** What needs to be done **
Pictures excluded, output the lines of the data below between the one holding "- Certifikát 80" and the one holding "本案为顶楼带复式,整体功能区", inclusive, exactly as they stand.

** Records **
+++

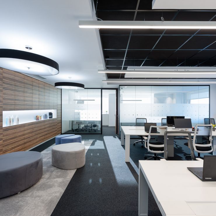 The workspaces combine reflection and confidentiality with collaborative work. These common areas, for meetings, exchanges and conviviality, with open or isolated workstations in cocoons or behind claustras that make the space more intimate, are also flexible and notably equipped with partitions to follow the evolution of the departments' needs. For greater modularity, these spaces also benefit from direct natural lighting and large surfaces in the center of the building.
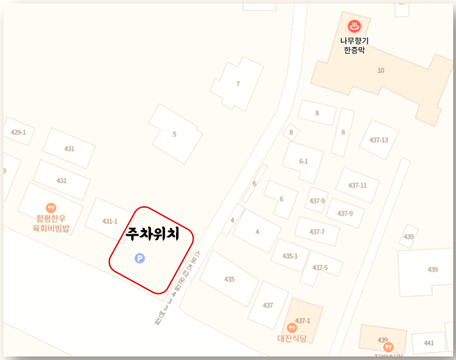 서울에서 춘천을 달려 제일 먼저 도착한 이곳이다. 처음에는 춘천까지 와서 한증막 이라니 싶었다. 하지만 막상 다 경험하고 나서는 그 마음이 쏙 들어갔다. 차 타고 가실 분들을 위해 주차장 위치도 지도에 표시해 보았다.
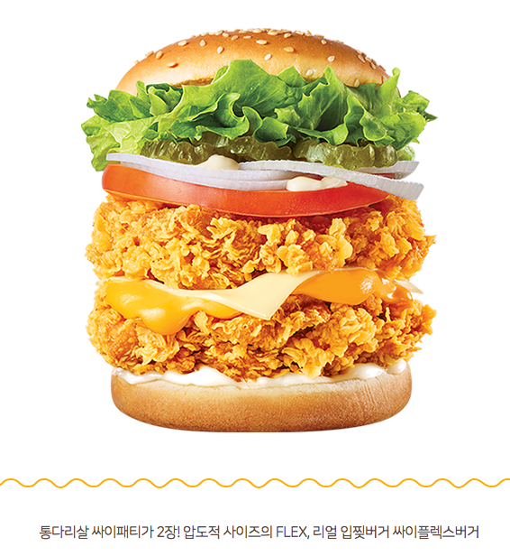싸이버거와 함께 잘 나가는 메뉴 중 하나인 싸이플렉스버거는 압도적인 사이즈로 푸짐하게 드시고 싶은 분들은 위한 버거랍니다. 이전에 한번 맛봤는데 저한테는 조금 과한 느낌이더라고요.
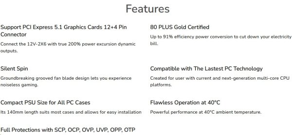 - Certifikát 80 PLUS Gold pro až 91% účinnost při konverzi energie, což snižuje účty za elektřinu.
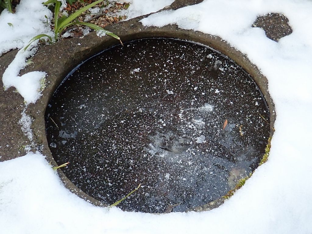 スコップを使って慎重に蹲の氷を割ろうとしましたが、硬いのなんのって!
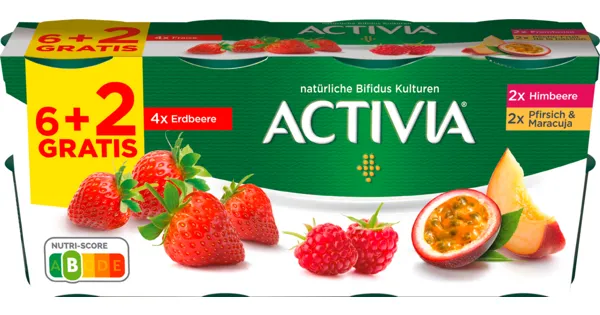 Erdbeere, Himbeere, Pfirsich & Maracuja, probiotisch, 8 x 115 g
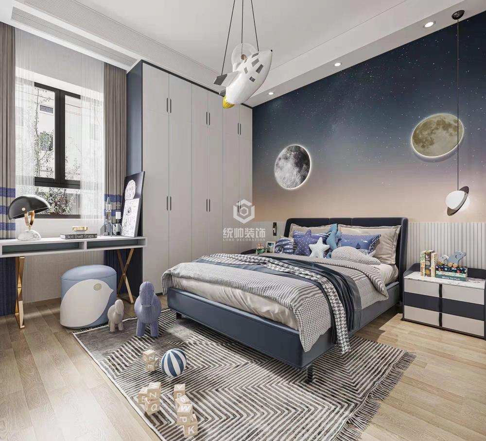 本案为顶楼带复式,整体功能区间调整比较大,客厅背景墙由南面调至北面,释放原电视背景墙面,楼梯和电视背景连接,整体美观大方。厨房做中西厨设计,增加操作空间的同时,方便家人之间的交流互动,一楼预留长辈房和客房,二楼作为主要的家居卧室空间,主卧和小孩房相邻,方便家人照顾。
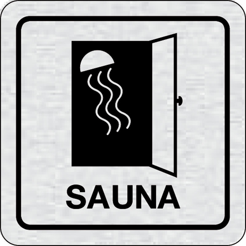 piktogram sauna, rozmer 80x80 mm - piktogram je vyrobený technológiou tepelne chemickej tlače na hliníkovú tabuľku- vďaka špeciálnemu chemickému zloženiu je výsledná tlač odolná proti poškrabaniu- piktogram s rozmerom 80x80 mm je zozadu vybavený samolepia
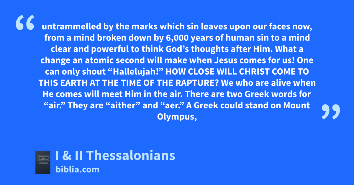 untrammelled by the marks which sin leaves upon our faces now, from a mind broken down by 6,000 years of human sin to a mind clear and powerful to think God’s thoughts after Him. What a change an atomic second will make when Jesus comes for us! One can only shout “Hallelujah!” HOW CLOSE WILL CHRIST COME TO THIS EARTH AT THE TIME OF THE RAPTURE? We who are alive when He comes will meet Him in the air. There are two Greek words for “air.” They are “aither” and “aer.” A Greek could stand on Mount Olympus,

+++

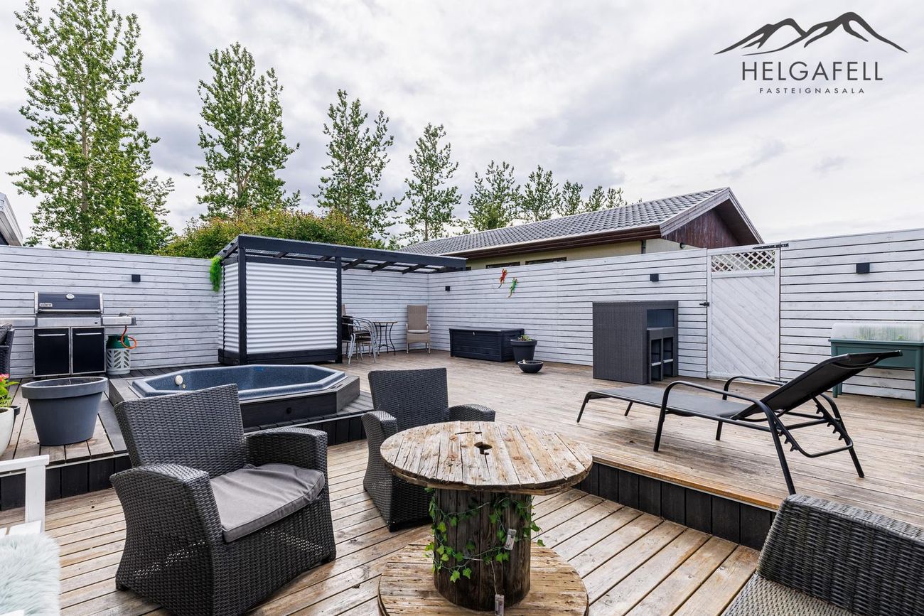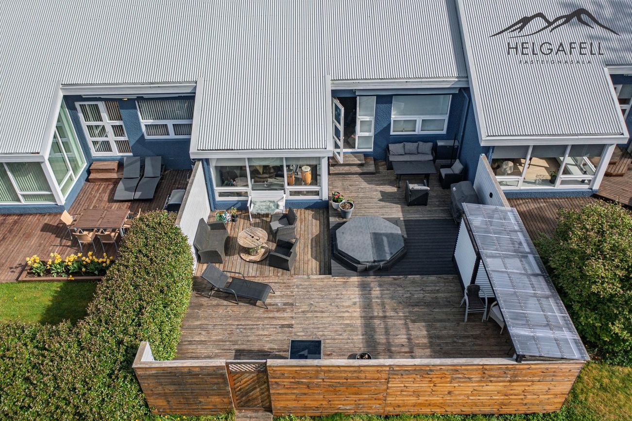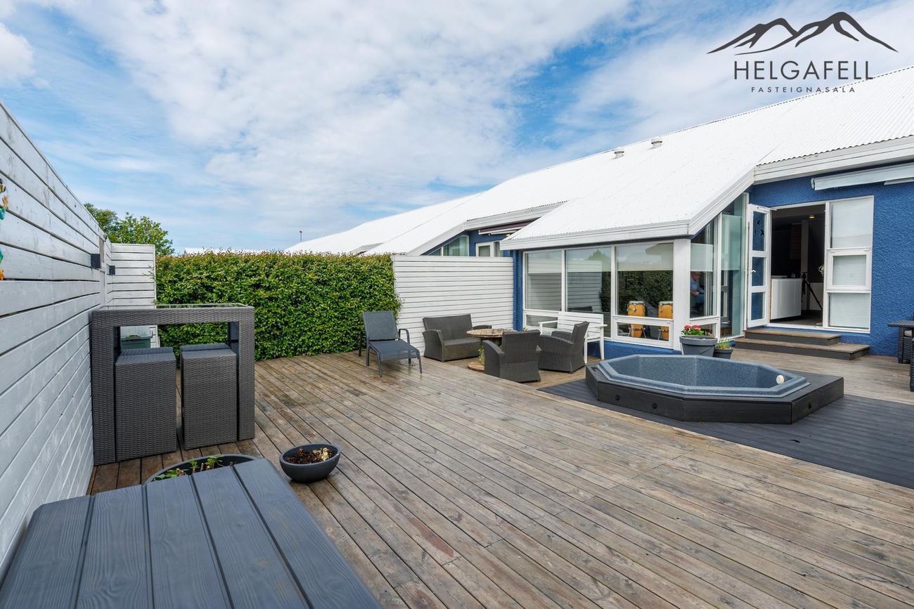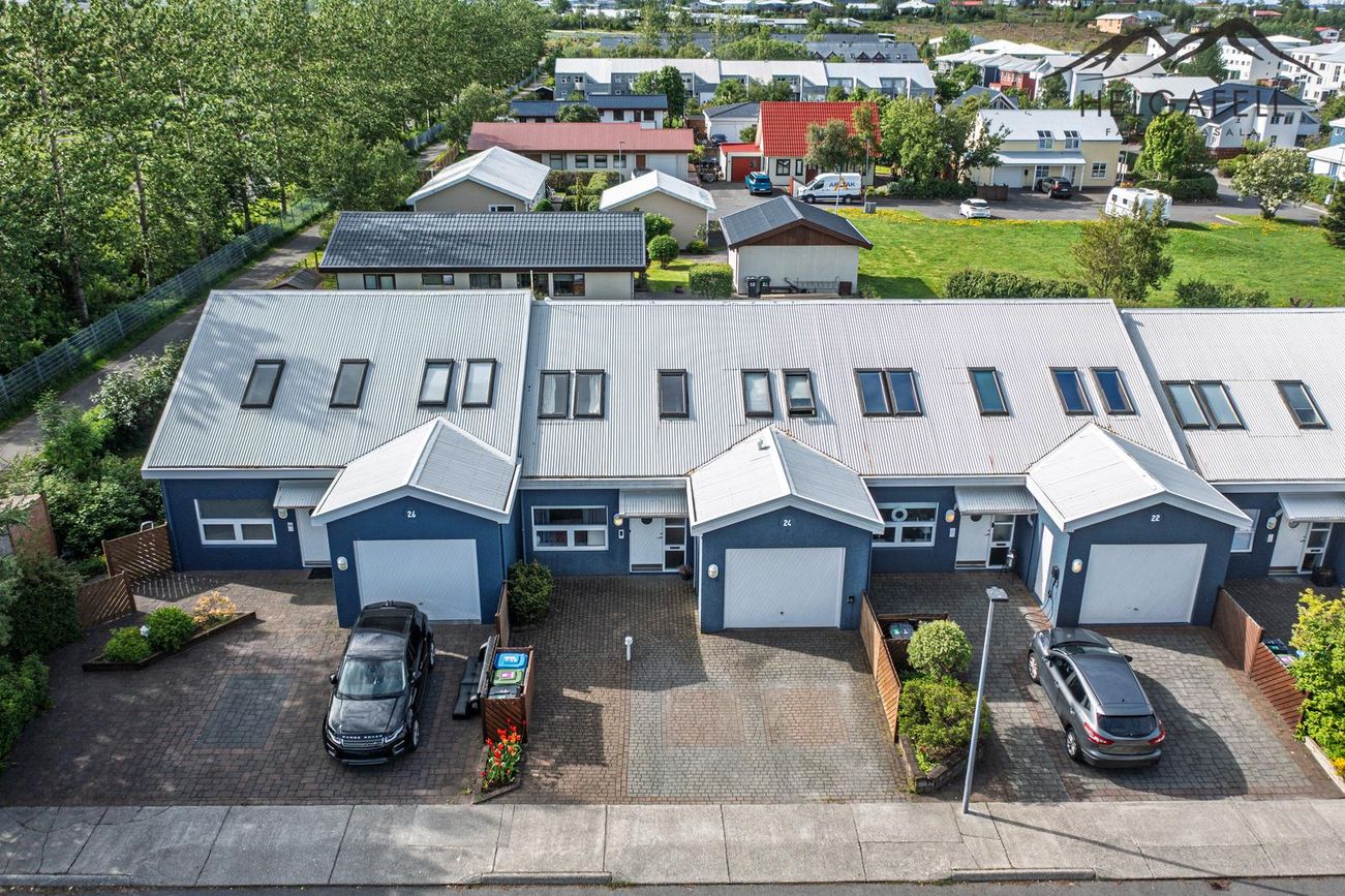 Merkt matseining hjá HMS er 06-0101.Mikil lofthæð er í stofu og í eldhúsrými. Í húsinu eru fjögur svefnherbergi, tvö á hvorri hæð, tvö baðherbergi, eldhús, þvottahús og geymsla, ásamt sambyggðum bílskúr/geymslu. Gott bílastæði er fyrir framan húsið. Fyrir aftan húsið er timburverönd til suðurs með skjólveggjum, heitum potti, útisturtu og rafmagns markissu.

+++

** Written response **
 - Certifikát 80 PLUS Gold pro až 91% účinnost při konverzi energie, což snižuje účty za elektřinu.
 スコップを使って慎重に蹲の氷を割ろうとしましたが、硬いのなんのって!
 Erdbeere, Himbeere, Pfirsich & Maracuja, probiotisch, 8 x 115 g
 本案为顶楼带复式,整体功能区间调整比较大,客厅背景墙由南面调至北面,释放原电视背景墙面,楼梯和电视背景连接,整体美观大方。厨房做中西厨设计,增加操作空间的同时,方便家人之间的交流互动,一楼预留长辈房和客房,二楼作为主要的家居卧室空间,主卧和小孩房相邻,方便家人照顾。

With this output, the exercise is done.